Node Output (exepected)

11111 10000
22222 10000
11111 10000
22222 10000
11111 10000
22222 10000
11111 10000
22222 10000
11111 10000
22222 10000
ericklt commented 1 year ago

Expanding on @orangeswim 's comment.

The core of the event_loop's tick() function is:

while (this.tickWithCount() > 0) : (this.global.handleRejectedPromises()) {
    this.tickConcurrent();
}

where there's a loop that execute the tasks:

// event_loop.zig > EventLoop > tickWithCount (L:581)
while (this.tasks.readItem()) |task| {...}

Due to setTimeout(_, 0) being a direct call to the Loop function enqueTask:

// bun.zig > Timer > set (L:3644)
vm.enqueueTask(JSC.Task.init(&job.task));

// event_loop.zig > EventLoop > enqueTask (L:902)
pub fn enqueueTask(this: *EventLoop, task: Task) void {
    this.tasks.writeItem(task) catch unreachable;
}

when a js functon is executed and calls setTimeout(_, 0), it adds to the this.tasks queue before the tickWithCount loop resolves. If the function is recursive or calls multiple setTimeout(_, 0), it keeps the bun event_loop from ticking, possibly indefinetly.

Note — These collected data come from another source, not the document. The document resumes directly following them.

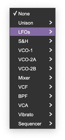 Choose a category (for example: VCF, VCO-2B, Vibrato, Sequencer, etc.).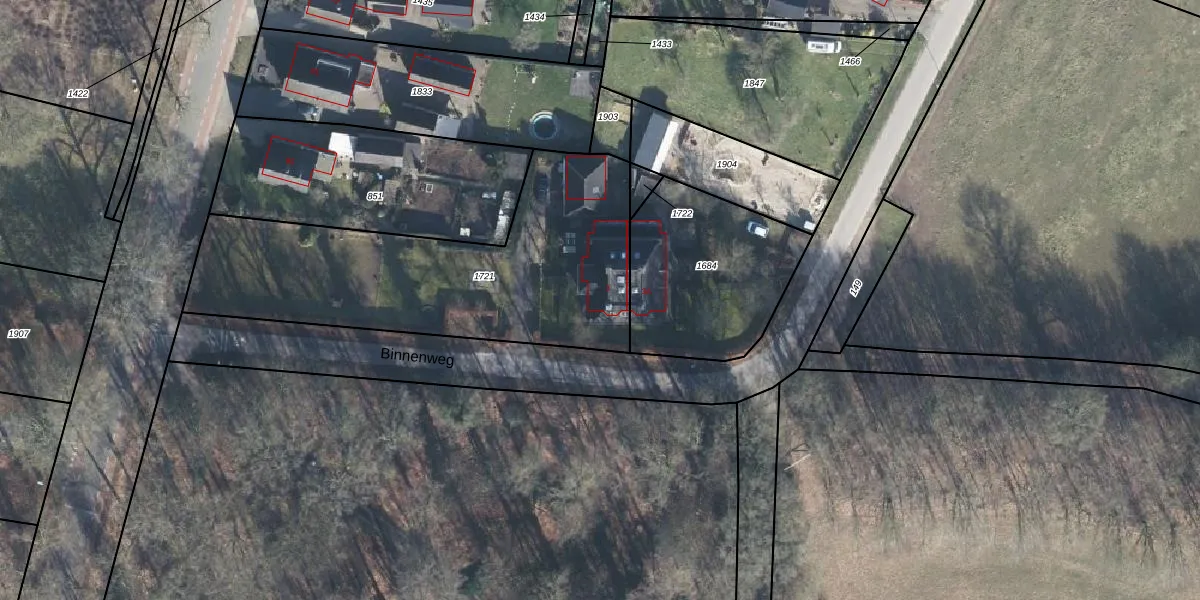 Het perceel waarop Binnenweg 3 staat heeft een oppervlakte van 1455 m². Dit is een zeer groot perceel. De perceeloppervlakte wordt geregistreerd door het Kadaster. Gedetailleerde informatie over de maten van dit perceel kunt u vinden in het rapport Kadastrale kaart met maatvoering van Binnenweg 3.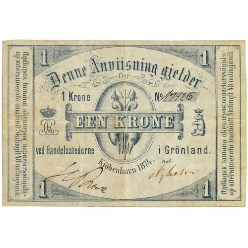 | Obverse lettering | Denne Anviisning gjelder for 1 Krone EEN KRONE ved Handelsstederne i Grönland. Kjöbenhavn 1874 AgdlagaK tamána akeKarpoK naparlangũgalaup KiterKunerata imalῦnît Skilingit 48 nalingánik. (Translation: This note is valid for 1 krone at the trading posts in Greenland Copenhagen 1874 This note costs one big barrel half full or 48 Skiling in value.) |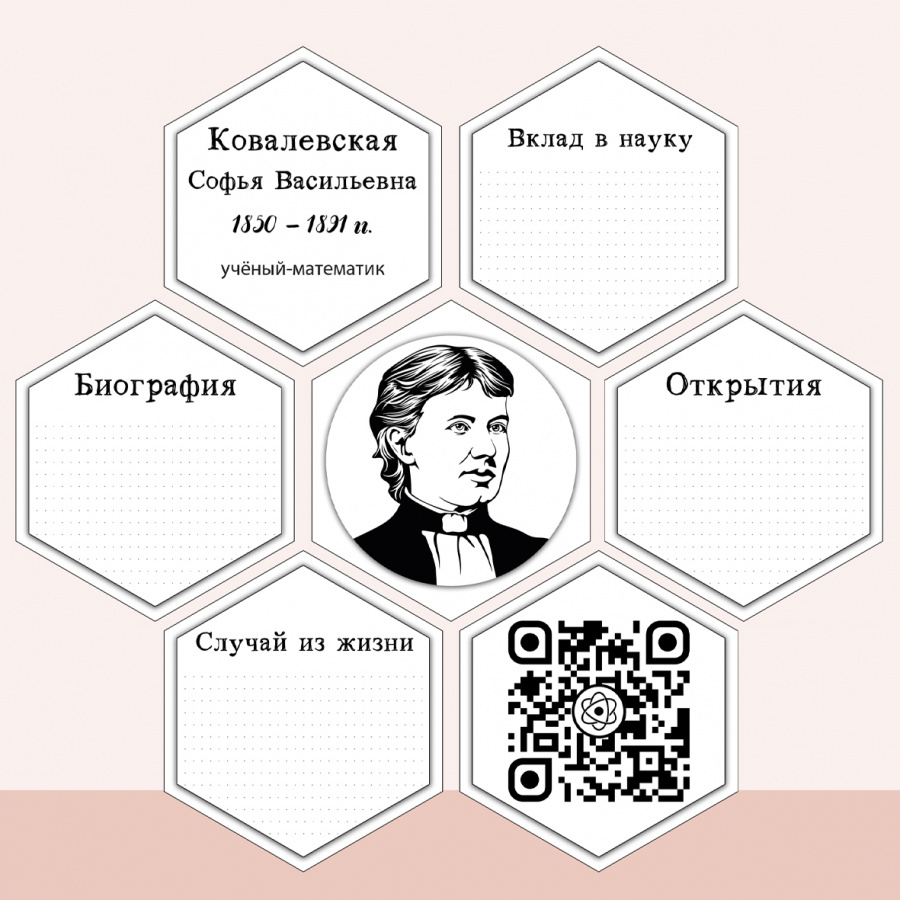 Российских ученых знает весь мир... но знают ли о них наши ученики? Это просветительских проект, в котором могут принять участие ребята из 7-10 классов. Они изучат статьи о российских ученых и заполнят информацию о них на шестиугольниках. И будут делать это индивидуально, в парах или группах.
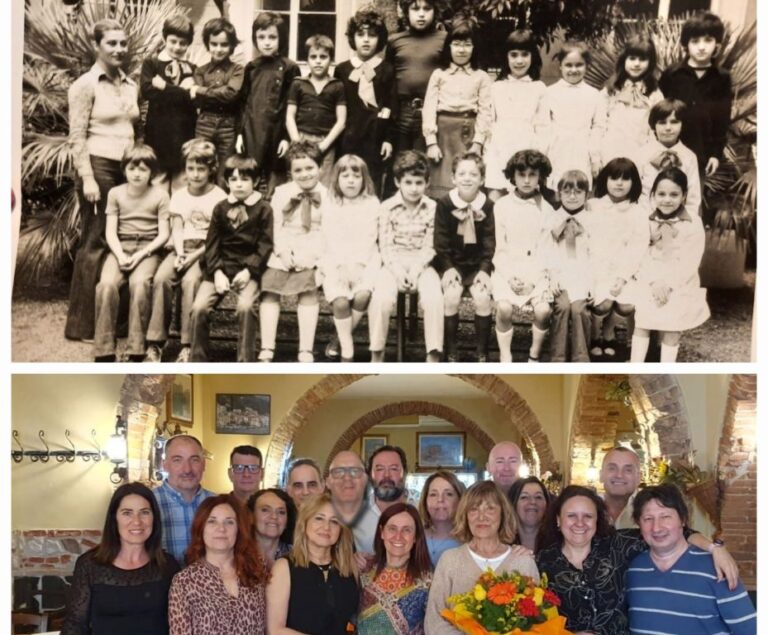 Sono passati 50 anni dalla 1ª classe elementare quando ci siamo conosciuti e finalmente ci siamo ritrovati. Pranzo di classe al ristorante La tramontana. La foto è la prima classe delle Carlo Bini ed oggi con la meravigliosa maestra Gabriella Bonicoli.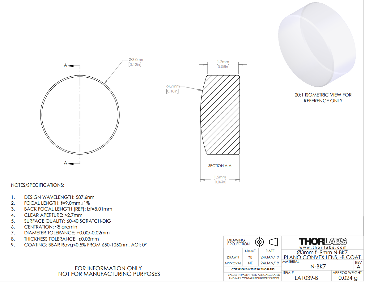 这些平凸透镜使用符合RoHS标准的BK7(N-BK7)生产,且镀有650-1050 nm波长范围的增透膜。当不需要紫外熔融石英的额外优点(一直到UV波段都具有高透过率且热膨胀系数更低)时,一般都会选择N-BK7玻璃。它们的焦距为正,对于无限远和有限远共轭比应用,性能接近最佳外形透镜。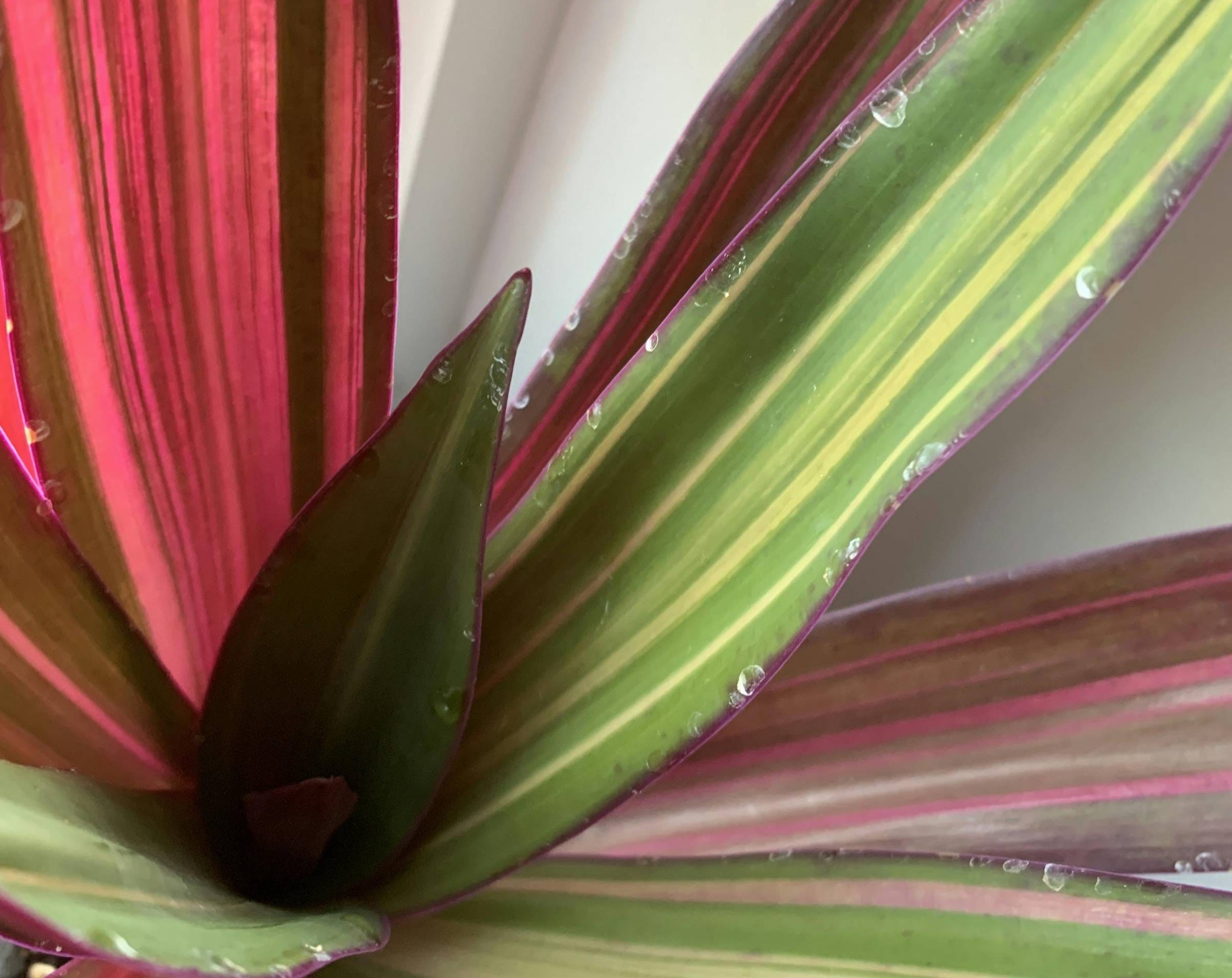 Stunted growth and curled leaves are signs that your Tradescantia is stressed. This can happen due to too much sun, too little water, or a lack of nutrients. Some Tradescantias with red pigments, such as the Zebrinas, can develop an intense red colour when stressed.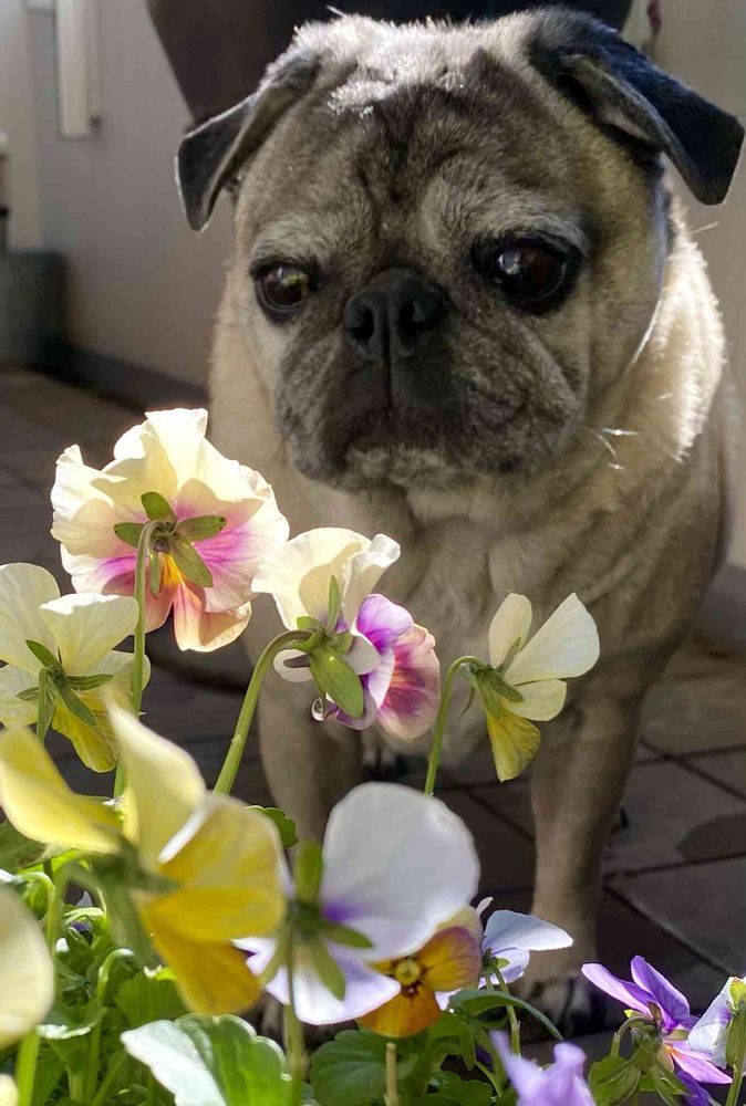 一瞬お花を愛でているように見えました💕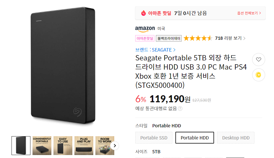 그 다음은 역시 외장하드죠. 내년이 되면 외장하드 가격이 크게 오를것이라는 전망이 있기 때문에 블프때 구입하는 것이 좋습니다. 요즘에는 왠지 WD보다는 시게이트에 더 정감이 가는데, 5TB 모델인데도 매우 저렴한 가격입니다.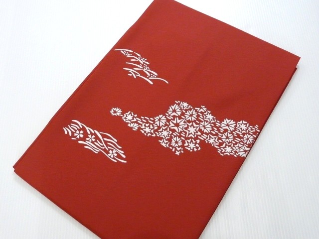 洗える名古屋帯 レンガ色 塩瀬系 草花 流れ柄 仕立上 011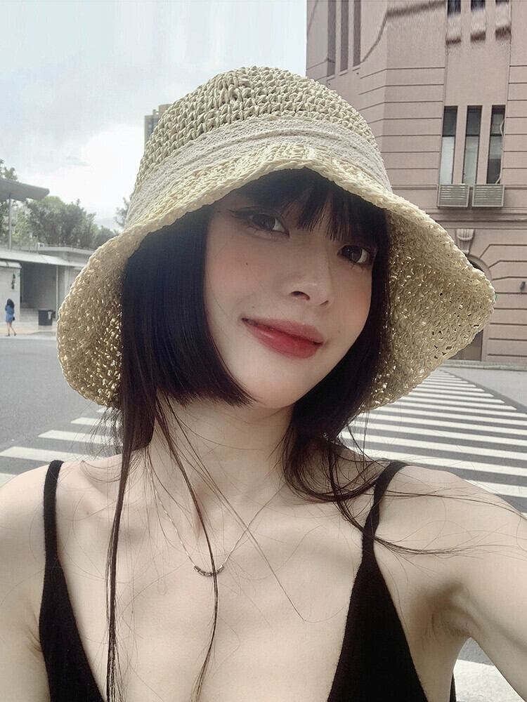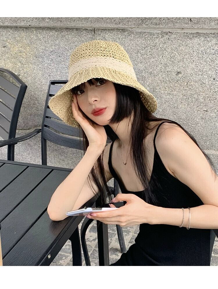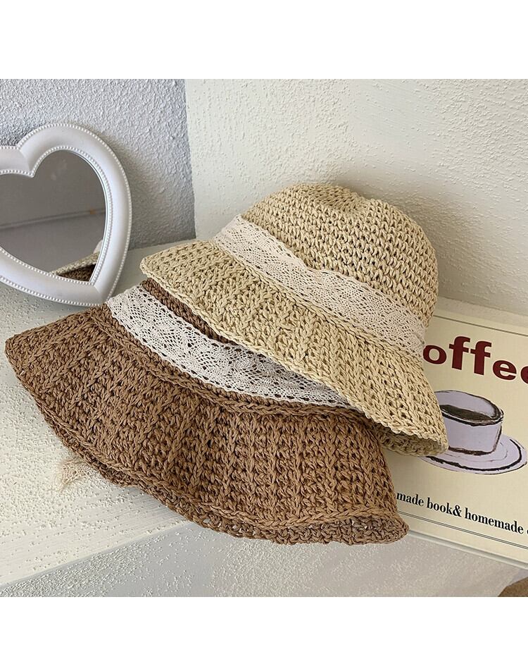ネット赤い麦わら帽子女性のレースレースビーチヘップバーンスタイルホリデー ese 小さな新鮮な日焼け止めサンシェード日よけ帽子夏 レッド サマー 夏物 15dd36610619775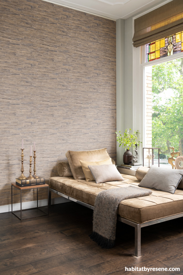 The earthy tones and schist look of Resene Wallpaper Collection 537031 suits a number of home aesthetics, including modern industrial, rustic and contemporary. It all depends on your décor and the colours you’re choosing to pair it with. In this room, the choice of luxurious fabrics and classy décor make it a sophisticated space. To bring out the beauty of this wallpaper, pair it with classic neutrals like Resene Rice Cake, Resene Half Blanc or Resene Quarter Biscotti.

This is the first problem, and can be solved by using an aux. queue as @orangeswim said, or some variation of this, for example:

var executable_tasks: Queue = EventLoop.Queue.init(this.virtual_machine.allocator);
while (this.tasks.readItem()) |task| {
    executable_tasks.writeItem(task) catch unreachable;
}
while (executable_tasks.readItem()) |task| {...}

But the problem goes deeper, doing this unlocks the ticking of the event loop, but the loop still doesn't listen for uws events triggered by setTimeouts with delay greater than 0, since it gets stuck in this loop:

// event_loop.zig > EventLoop > tick (L:841)
while (this.tickWithCount() > 0) : (this.global.handleRejectedPromises()) {
    this.tickConcurrent();
}

By doing something like this:

while (this.tickWithCount() > 0) : (this.global.handleRejectedPromises()) {
    this.tickConcurrent();
    this.autoTick(); // <-- added
}

the loop is able to insert tasks inbetween ticks, but this is probably not the right solution since in some tests that I did, it made the setTimeout(_, 0) calls seem slow (apparently taking 1s between each execution, which is odd).

The test I'm using:

const timesToRun = 10;

var runCount = 0
const obj = {}

function repeat(log, delay) {
  if (runCount >= timesToRun) {
    console.log(`${log}: ${obj[log]}`)
    return
  }

  runCount += 1
  obj[log] = (obj[log] || 0) + 1
  // console.log(`${log}: ${obj[log]}`)

  setTimeout(() => repeat(log, delay), delay);
}

repeat("1", 0)
repeat("2", 1)
ericklt commented 1 year ago

One interesting thing to keep in mind, running

repeat("1", 0)
repeat("2", 1)

in nodejs gives the exact same output as

repeat("1", 1)
repeat("2", 1)

regardless of the amount of repetitions, so it apparently treats setTimeout(_, 0) the same as setTimeout(_, 1).

When running

repeat("1", 1)
repeat("2", 2)

it gives the expected 2/1 ratio.

Jarred-Sumner commented 1 year ago

I love the investigative work here

I think making setTimeout have a minimum of 1 is a good option and leaving setImmediate to be the one with special behavior that appends to the task queue. Maybe in the future we will implement requestIdleCallback.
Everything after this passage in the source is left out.